Yaşadığımız bir sıkıntıdan sonra zorlanarak bir çözüme kavuşunca bazı tecrübeler elde ederiz ama ardında da “eğer dünyaya bir daha gelsem bu konuda şöyle değil de böyle davranırım” diyenimiz çoktur. Ama bu sözün uygulaması yoktur. Çünkü insan dünyaya bir defa gelecek, Yüce Allah’ın takdiri gereği imtihan edilecek, niyet ve davranışlarından hesaba çekilmek üzere ahiret yurdunda yeniden diriltilecektir. Öyleyse insan dünya hayatını ve verilen ömür sermayesini olabildiğince doğru ve verimli kullanmak zorundadır.
Mademki dünya hayatını doğru ve verimli kullanmak gerekiyor. O zaman geçmişten dersler alınarak bu konuda daha az hata yapılabilir. Büyükler onun içindir ki “dünyaya bir daha gelmektense büyük sözü dinle” demişler.
Gerçekten de atalarımız neredeyse bize söylenecek söz bırakmamışlar. Söyledikleri sözler büyük bir birikim ve tecrübeye dayanmaktadır. Eğer istifade edebilirsek ve onların sözlerini kulağımıza küpe edersek, kazançlı çıkacak olan gene bizler olacağız.
Bu makaleyi yazmama sebep, Meclis Başkanımız Sayın Cemil Çiçek’in yaptığı açıklamada kullandığı bir cümledir.
Terörü önlemek konusunda ciddi sayılabilecek bazı şeylerden bahsediyor. Milli bir mutabakattan bahsediyor. Bugüne kadar sözde müttefiklerle yapılan çalışmalardan bir netice alınmadığından ve bu işi kendi içimizde halletmemiz gerektiği hakkında sözler sarf ediyor. 11 maddeden oluşan bir de milli mutabakat metninden söz ediyor. Ben bahsedilen mutabakat metninden çok değindiği bir noktaya dikkat çekmek istiyorum.

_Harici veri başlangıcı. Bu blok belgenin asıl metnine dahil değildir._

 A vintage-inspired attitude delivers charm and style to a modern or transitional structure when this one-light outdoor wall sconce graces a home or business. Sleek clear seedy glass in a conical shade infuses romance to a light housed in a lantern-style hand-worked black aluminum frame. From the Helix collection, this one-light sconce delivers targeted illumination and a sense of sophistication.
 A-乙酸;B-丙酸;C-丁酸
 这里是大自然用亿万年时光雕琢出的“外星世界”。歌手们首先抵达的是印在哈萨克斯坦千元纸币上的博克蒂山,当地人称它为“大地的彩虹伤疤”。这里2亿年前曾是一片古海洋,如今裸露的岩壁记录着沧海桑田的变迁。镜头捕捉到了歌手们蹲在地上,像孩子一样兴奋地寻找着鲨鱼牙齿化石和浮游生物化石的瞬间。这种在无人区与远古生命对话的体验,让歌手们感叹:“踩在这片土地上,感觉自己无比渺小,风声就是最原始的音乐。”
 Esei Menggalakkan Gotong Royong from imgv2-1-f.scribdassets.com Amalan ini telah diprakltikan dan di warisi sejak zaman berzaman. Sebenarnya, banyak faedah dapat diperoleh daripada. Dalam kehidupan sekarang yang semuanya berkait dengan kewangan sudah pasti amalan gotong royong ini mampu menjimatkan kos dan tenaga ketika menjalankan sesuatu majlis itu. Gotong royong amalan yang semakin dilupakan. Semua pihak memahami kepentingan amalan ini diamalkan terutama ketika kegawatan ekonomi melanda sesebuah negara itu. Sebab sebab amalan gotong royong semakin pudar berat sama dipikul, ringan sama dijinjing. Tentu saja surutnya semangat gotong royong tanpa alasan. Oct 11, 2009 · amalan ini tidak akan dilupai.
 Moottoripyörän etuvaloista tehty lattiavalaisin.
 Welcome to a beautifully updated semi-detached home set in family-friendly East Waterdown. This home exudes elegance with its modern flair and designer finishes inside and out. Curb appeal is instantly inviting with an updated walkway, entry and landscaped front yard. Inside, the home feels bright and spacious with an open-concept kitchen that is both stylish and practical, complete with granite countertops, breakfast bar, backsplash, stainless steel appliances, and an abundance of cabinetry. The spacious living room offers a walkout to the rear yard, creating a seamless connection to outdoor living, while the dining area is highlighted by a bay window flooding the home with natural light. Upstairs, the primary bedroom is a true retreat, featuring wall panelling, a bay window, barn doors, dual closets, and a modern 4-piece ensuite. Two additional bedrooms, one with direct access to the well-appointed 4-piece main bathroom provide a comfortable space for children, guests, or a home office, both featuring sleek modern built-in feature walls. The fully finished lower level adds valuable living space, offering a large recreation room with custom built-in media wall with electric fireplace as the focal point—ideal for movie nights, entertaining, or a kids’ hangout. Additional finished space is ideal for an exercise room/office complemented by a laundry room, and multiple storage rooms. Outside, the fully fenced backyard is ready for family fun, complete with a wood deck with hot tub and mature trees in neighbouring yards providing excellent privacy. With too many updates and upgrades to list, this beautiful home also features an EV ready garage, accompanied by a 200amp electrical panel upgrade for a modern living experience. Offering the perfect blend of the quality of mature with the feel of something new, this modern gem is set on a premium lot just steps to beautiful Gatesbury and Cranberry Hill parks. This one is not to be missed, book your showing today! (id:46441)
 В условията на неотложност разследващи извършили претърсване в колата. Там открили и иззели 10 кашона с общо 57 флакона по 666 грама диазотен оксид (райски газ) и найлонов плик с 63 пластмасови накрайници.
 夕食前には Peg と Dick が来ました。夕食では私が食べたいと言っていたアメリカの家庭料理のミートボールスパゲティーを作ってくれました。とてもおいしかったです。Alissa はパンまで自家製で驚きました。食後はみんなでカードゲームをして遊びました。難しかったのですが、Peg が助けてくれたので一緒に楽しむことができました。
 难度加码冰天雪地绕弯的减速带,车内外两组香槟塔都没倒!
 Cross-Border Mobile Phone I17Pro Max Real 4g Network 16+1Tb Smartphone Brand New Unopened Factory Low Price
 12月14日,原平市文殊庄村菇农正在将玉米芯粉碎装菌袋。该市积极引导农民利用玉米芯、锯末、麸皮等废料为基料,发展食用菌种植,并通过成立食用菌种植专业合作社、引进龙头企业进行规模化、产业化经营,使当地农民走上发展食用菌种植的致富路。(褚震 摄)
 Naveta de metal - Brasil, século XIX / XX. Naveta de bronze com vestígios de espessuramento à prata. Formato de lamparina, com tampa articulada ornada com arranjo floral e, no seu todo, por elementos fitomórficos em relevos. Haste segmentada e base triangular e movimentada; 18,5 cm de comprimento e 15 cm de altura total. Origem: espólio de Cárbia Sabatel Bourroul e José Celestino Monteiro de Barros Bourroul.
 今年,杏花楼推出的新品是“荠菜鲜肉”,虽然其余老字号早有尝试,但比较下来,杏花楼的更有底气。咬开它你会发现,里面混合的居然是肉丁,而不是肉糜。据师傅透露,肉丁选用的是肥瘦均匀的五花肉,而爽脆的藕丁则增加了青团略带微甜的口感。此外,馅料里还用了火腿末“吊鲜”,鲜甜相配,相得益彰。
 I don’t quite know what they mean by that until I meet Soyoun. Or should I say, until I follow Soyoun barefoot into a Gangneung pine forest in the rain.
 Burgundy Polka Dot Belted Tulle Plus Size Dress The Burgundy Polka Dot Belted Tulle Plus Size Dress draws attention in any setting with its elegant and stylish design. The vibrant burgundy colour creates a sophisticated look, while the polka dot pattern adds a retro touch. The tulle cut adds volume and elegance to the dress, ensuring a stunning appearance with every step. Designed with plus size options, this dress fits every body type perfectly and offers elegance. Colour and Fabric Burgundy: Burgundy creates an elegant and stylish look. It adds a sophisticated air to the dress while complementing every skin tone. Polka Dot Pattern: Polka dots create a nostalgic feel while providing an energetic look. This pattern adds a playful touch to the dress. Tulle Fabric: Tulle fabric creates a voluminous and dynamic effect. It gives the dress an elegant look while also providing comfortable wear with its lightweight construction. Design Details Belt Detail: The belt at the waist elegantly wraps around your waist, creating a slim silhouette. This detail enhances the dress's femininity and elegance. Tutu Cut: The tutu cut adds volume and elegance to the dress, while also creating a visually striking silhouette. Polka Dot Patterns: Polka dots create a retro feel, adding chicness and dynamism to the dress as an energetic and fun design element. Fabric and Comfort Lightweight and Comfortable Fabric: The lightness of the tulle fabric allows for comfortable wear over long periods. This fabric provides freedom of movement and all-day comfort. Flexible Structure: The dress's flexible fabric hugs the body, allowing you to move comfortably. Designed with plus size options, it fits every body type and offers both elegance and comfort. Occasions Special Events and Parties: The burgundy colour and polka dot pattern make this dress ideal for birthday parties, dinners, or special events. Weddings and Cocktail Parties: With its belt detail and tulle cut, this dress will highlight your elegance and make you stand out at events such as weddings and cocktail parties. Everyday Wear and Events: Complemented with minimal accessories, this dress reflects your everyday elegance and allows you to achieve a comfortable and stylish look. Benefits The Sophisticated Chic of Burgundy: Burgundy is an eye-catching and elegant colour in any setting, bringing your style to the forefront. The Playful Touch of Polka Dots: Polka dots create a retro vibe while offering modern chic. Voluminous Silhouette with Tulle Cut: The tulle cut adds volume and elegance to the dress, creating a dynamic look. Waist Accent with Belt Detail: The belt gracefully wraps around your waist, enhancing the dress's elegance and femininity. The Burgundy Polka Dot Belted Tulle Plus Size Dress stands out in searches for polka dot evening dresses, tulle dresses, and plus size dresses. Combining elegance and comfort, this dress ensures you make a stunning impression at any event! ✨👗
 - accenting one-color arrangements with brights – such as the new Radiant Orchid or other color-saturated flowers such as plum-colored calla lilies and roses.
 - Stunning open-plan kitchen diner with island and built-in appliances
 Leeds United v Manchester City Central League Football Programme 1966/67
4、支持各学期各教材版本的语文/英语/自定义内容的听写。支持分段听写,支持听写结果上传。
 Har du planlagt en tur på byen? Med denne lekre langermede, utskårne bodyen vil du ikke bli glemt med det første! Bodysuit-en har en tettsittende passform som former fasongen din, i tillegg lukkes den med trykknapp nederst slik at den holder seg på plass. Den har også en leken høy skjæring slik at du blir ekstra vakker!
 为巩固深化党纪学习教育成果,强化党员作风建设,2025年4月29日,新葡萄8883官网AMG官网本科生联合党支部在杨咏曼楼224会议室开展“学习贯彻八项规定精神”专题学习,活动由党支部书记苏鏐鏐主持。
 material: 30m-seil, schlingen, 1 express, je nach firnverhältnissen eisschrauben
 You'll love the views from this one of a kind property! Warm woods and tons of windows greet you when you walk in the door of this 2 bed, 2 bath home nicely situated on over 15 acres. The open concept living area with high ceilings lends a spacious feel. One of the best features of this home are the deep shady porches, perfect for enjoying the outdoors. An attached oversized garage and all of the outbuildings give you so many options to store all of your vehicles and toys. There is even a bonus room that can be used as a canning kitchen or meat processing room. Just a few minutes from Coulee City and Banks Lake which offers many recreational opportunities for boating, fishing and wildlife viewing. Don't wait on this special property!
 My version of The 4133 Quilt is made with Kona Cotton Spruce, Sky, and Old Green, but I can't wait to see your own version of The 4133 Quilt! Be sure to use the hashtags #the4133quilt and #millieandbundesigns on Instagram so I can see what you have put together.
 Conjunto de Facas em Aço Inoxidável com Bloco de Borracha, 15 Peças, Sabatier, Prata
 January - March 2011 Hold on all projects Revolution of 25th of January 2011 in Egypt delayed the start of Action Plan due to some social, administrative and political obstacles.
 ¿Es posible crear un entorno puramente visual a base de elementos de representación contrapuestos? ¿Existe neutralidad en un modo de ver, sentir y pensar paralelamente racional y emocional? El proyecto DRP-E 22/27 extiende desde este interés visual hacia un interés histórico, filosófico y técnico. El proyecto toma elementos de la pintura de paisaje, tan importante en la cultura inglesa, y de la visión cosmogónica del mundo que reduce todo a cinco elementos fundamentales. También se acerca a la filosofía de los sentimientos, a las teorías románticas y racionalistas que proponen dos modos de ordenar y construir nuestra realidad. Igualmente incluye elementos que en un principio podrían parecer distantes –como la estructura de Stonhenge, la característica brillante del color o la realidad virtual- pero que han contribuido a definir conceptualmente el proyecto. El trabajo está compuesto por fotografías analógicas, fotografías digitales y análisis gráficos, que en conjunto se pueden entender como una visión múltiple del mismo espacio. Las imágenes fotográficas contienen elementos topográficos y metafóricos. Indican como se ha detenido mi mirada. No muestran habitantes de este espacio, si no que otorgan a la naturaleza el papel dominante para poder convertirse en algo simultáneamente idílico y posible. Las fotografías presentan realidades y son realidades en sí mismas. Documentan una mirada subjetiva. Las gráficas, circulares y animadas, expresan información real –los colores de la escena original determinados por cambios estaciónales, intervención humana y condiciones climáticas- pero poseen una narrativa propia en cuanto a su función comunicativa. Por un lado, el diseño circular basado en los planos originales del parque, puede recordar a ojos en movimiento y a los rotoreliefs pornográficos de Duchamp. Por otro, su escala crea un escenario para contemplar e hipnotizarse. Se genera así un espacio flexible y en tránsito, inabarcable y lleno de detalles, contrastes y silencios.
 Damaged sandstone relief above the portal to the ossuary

Sayın Çiçek “Bu işi biz kendimiz çözeceğiz bu görüldü. Bu mücadeleyi tek başımıza yapmak zorundayız. Terör uluslararası politikanın parçası olarak da kullanılır. Bize en fazla destek verdiğini söyleyenler bile dediklerinin 10’da birini yapmadılar. Mekanizmalar filan kuruldu bunlardan bir şey çıkmadı.” diyor.
Bu ifade doğru olmasına doğru ama Sayın Çiçek bu konuda senelerdir kaybettiğiniz zamanın hesabını nasıl vereceksiniz? Şimdi yanlış ve sonuçsuz gördüğünüz ve bu konuda heba ettiğiniz şeylerin vebalinden nasıl kurtulacaksınız? Devlet işi yazboz tahtası değil ki…
Hâlbuki siz de sözde müttefik, sahte batılı dostlarınızı değil de sizden önceki atalarınızın sözlerini dinlemiş olsaydınız. Bu yanlışa düşmezdiniz. Ben size bu konuda Atamızın, Mutafa Kemal Atatürk’ün bir sözünü hatırlatayım. Hem de şimdi başkanı olduğunuz Türkiye Büyük Millet Meclisinde yaptığı bir konuşmayı hatırlatayım.
Kendi iç ve dış meselelerimizi çözmek için başkalarından medet umar vaziyete düşmememiz için Atatürk’ün 6 Mart 1922’de Türkiye Büyük Millet Meclisi’nde yaptığı konuşmasının bir bölümünde ecnebilerin nasihat ve planlarıyla asla ve asla bir yere varılamayacağını şu ifadelerle dile getirmişti;
“Artık vaziyeti düzeltmek için mutlaka Avrupa’dan nasihat almak, bütün işleri Avrupa’nın emellerine göre yapmak, bütün dersleri Avrupa’dan almak gibi bir takım zihniyetler belirdi. Hâlbuki hangi istiklal vardır ki ecnebilerin nasihatleriyle, ecnebilerin planlarıyla yükselebilsin? Tarih, böyle bir hadiseyi kaydetmemiştir.”
Sayın Cemil Çiçek ve dâhil olduğu iktidar sahipleri, Atalarının sözünü dinlemek dururken ne yaptılar? Tarihin kaydetmediği bir işe kalkışarak, ecnebilerin nasihat ve talimatlarıyla devlete ve millete çok şeyler kaybettirdiler.
Zararın neresinden dönerseniz kârdır. Umuyoruz ki milli mutabakat fikrinizde samimi olur, kendi değerlerimiz çerçevesinde milli çözümler üretir, milletimizin birik, beraberlik, kudret ve şecaatine kavuşmasını temin edersiniz.